=== Section Start ===

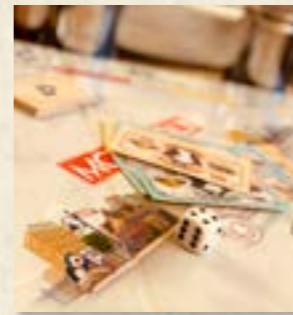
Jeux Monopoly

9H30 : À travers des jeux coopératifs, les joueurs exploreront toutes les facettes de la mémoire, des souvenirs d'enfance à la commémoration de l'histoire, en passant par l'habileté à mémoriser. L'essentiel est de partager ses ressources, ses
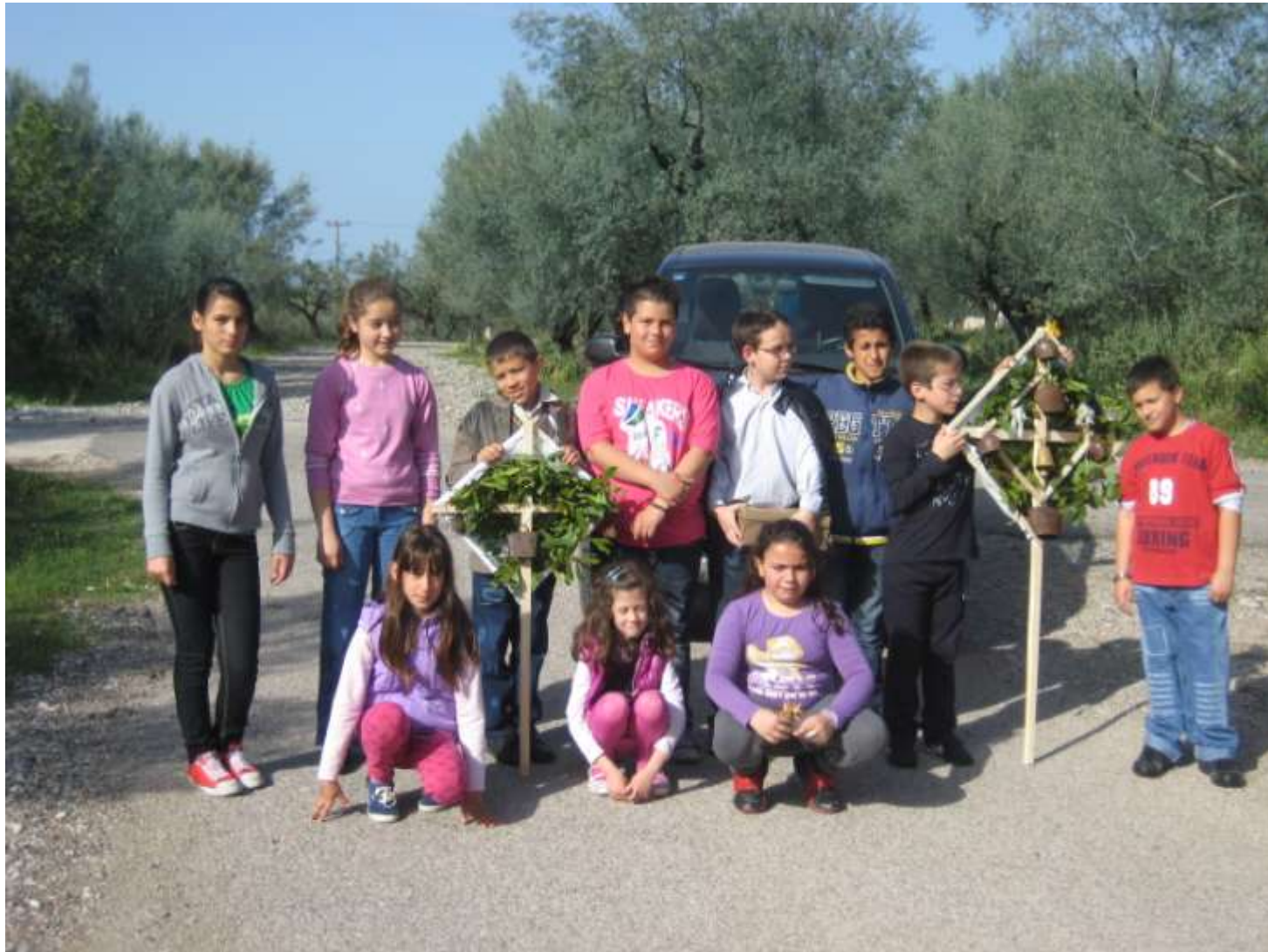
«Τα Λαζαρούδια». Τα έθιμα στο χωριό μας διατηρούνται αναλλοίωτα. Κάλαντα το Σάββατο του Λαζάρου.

=== Section End ===

**WORK INSTRUCTION:** Could the data above be repeated exactly, with every picture dropped?

**RESULT OF THE EXERCISE:**
Jeux Monopoly

9H30 : À travers des jeux coopératifs, les joueurs exploreront toutes les facettes de la mémoire, des souvenirs d'enfance à la commémoration de l'histoire, en passant par l'habileté à mémoriser. L'essentiel est de partager ses ressources, ses
«Τα Λαζαρούδια». Τα έθιμα στο χωριό μας διατηρούνται αναλλοίωτα. Κάλαντα το Σάββατο του Λαζάρου.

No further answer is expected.